STORED DATA ▸
- Opening Delimiter -
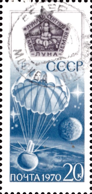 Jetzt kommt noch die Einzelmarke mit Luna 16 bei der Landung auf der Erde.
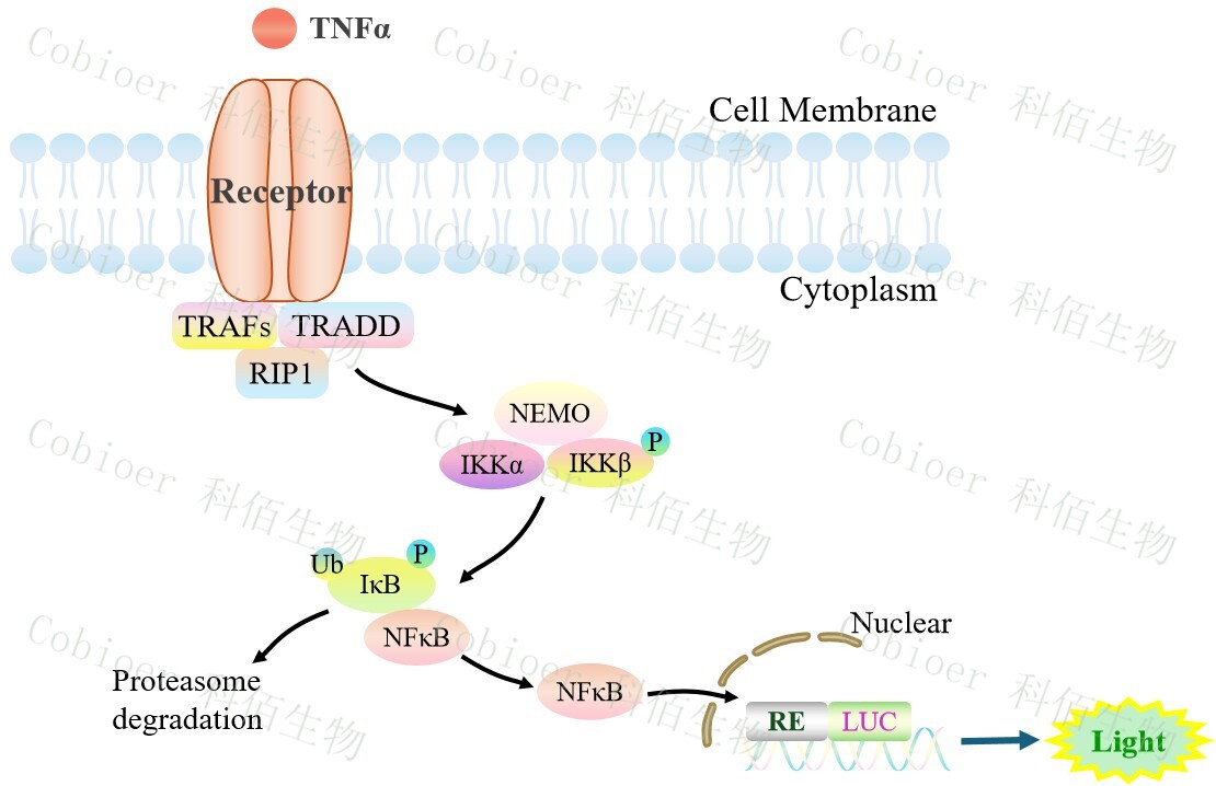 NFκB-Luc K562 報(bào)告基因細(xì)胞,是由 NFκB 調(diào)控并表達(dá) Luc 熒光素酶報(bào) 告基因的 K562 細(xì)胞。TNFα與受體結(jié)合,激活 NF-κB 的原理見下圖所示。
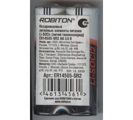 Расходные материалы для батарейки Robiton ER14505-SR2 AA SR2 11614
- Closing Delimiter -
EXERCISE PROMPT ▸
Write out every line above exactly as it is, leaving out the pictures.

SOLVED PROBLEM ▸
 Jetzt kommt noch die Einzelmarke mit Luna 16 bei der Landung auf der Erde.
 NFκB-Luc K562 報(bào)告基因細(xì)胞,是由 NFκB 調(diào)控并表達(dá) Luc 熒光素酶報(bào) 告基因的 K562 細(xì)胞。TNFα與受體結(jié)合,激活 NF-κB 的原理見下圖所示。
 Расходные материалы для батарейки Robiton ER14505-SR2 AA SR2 11614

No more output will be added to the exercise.